Bidirectional IIR filter

[KG_is_back]

An update to older project posted on SM forum. The reverse filter is optimized now in a single assembly block. The sound gets loaded to second half of input buffer, once the half is full it is passed through filters and saved to one of the output buffers. the two output buffers are then read (with 50% offset) and summed to output. I had to sacrifice double precision math within the filter, but that shouldn't matter at all - actually the performance should be even better now. only disadvantage is, that the filters can not be turned off - they are running even if set to off. That can easily be fixed though...

for those who didn't saw it on SM forum, it is a linear phase filter - it filters segments of sound forward and backward to achieve double amplitude response with zero phase response (so the filters are basically 4th-order filters).

Frequency slider is horizontal and logaritmic scaled and you can type in the frequency by double click. Q and gain sliders are vertical and also can be typed in by doubleclicking. all of them can be reset by double-right-click and draging while holding shift is fine tuning.

hope you enjoy it and let me know what you think.

[RJHollins]

only had a moment to take a peek at this ...

WOW ... this is some seriously good work !

Hope to get some time to listen with it ... but man, what a nice GUI interface !

Thanks for letting us see this !

[Tronic]

There seems to be a problem, if you analyze it with a square wave,
set the filter with only a low pass at 35Hz, you will see that the result is not what you hoped for.

[KG_is_back]

There seems to be a problem, if you analyze it with a square wave,
set the filter with only a low pass at 35Hz, you will see that the result is not what you hoped for.

Oh, I forgot to mention this! ...the total length of impulse response of the filter must be less then half the buffersize. Avoid using low cutoffs and high Qs ass they result in longer IR. Or Increase Buffer (bottom right corner), however that will also increase the latency.
Second half of the buffer is filled with signal and when its full it is filtered in backwards. If your IR is longer than the half of the buffersize the part that would be beyond the start of the buffer will simply not be computed. Result is that two following buffers will not joint together and clicks occur.

[martinvicanek]

Impressive!

[KG_is_back]

I'm planing to add another feature - IR checking module. It will use one of the mono4 channels and will send impulses periodically. then it will record the IR in sync with those impulses. The impulse will show up on the GUI, will be savable as a wav file and will be colored red, if the length exceeds allowed buffer boundaries - noticing you to increase buffer or use different settings.
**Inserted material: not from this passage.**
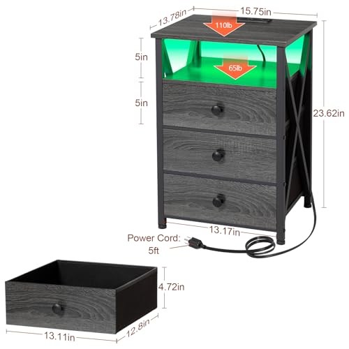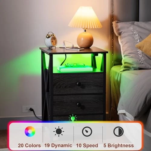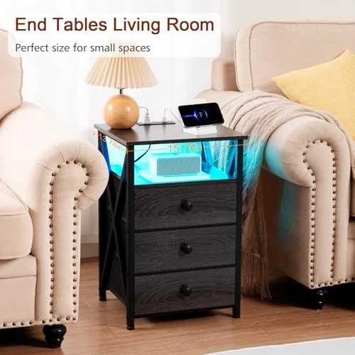 Return Policy Fast Delivery Trusted seller LED Nightstand with Charging Station, Smart End Side Table with USB Port & Power Outlet, Bedside Table with Fabric Drawers for Bedroom, Living Room, Dark Grey, HET053LDG-1 Product Description Versatile RGB LED Nightstand: Adjust the LED lights’ color, brightness, and strobe mode to suit any scene. The soft lighting helps ease nighttime fears, while the vibrant, colorful design adds a warm and stylish, dreamy atmosp to your bedroom or living room Nightstand with Charging Station: This end table features a modern plug-in design to meet your charging needs, complete with 2 AC outlets, a USB port, and a USB-C port. Easily charge your mobile devices quickly with a USB cable while adding a stylish touch to your home Lightweight and Sturdy Design: This night stand is crafted from sturdy particleboard, ensuring easy cleaning and maintenance. The fabric drawer design offers ample storage while reducing weight for easy mobility. Rigorously tested, each table holds up to 110 pounds, and each drawer supports 11 pounds Spacious Nightstand Storage Cabinet: Measuring 15.75" D x 13.78" W x 23.62" H, this bedside table with charging station offers 5 distinct storage spaces. The top panel and open compartment are perfect for decorations, phones, while 3 closed fabric drawers provide ample space for less frequently used items. Ideal for bedroom; office; gaming room Easy Assembly: With a simple structure, numbered parts, installation manual, and included tools, you can assemble the night stand in just 30 minutes. It’s a great chance to bond with family and friends. If you find any missing or damaged parts, please contact us for prompt replacements Perfect Gift: This side table is an ideal gift for your child, reflecting your care and love in their bedroom or living room. Its lightweight design allows for easy movement, while the soft LED light creating a dreamy, comfortable atmosp to accompany them through leisure time and long nights Shipping Returns Payment Shipping Shipping is FREE to all addresses other than APO/PO boxes in the lower 48 states. All our stock ships from US-based warehouses. Shipped via USPS or UPS (depending on location and package weight) Unless stated otherwise, all orders will ship within 24-72 hours of your payment being processed. Check our feedback to see the great reviews of FAST shipping we offer. Returns Seller does not accept returns Payment We currently accept payment via eBay managed payments only. Once payment is cleared, we will dispatch your shipment within 1-3 business days. Please refer to the "Shipping" tab for more information regarding shipping speed to your destination.

One problem of this EQ is that it is not automatible. When the cieficients are changing they are adjusting the forward filter smoothly, but the backward filter is computed periodically at buffer boundaries - not sample by sample. One way to fix this would be to record the coefficients for each sample and then call them up in backwards for the reverse filtering - so the order will be right. Another is to create two parallel streams. Every time the coefficients change they will change only on one stream and they will crossfade one to each other, so the transition will be smooth. That would be much simpler to implement and much CPU-friendly.

[steph_tsf]

Hello, I went googling about Bidirectional IIR Filters. I found http://www.analog.com/static/imported-f ... k_Ch19.pdf. This is from Steven W. Smith "The Scientist and Engineer's Guide to Digital Signal Processing" chapter 19. A Linear Phase response results from IIR filtering the signal in the forward direction and then IIR filtering again in the reverse direction. In fact, any recursive filter can be converted to zero phase with this bidirectional filtering technique.

From my understanding, in principle, Bidirectional IIR Filtering only applies to offline processing.

Let me illustrate this. Say you want to filter a MP3 song, using the Bidirectional IIR technique. First of all, you will convert the whole MP3 song into linear PCM data. When the whole linear PCM data gets available, you need to IIR filter the signal in the forward direction and then IIR filter again in the reverse direction. In other words, you only can start playing the filtered song, after having done all this. The whole file needs to be delivered and filtered, before you can play the filtered version. This is offline processing. You can't do this online, like on streamed audio.

Now, tell me, do you "chop" the audio in "buffers", applying Bidirectional IIR Filtering on consecutive "buffers"? What about boundary effects? Are there audible differences, or audible artifacts when changing the "buffer" size?

Say the IIR filter exhibits an impulse response decaying to -96 dB after 100 ms. We''ll be tempted to say there should be no audible boundary effects or artifacts when opting for a 100 ms buffer.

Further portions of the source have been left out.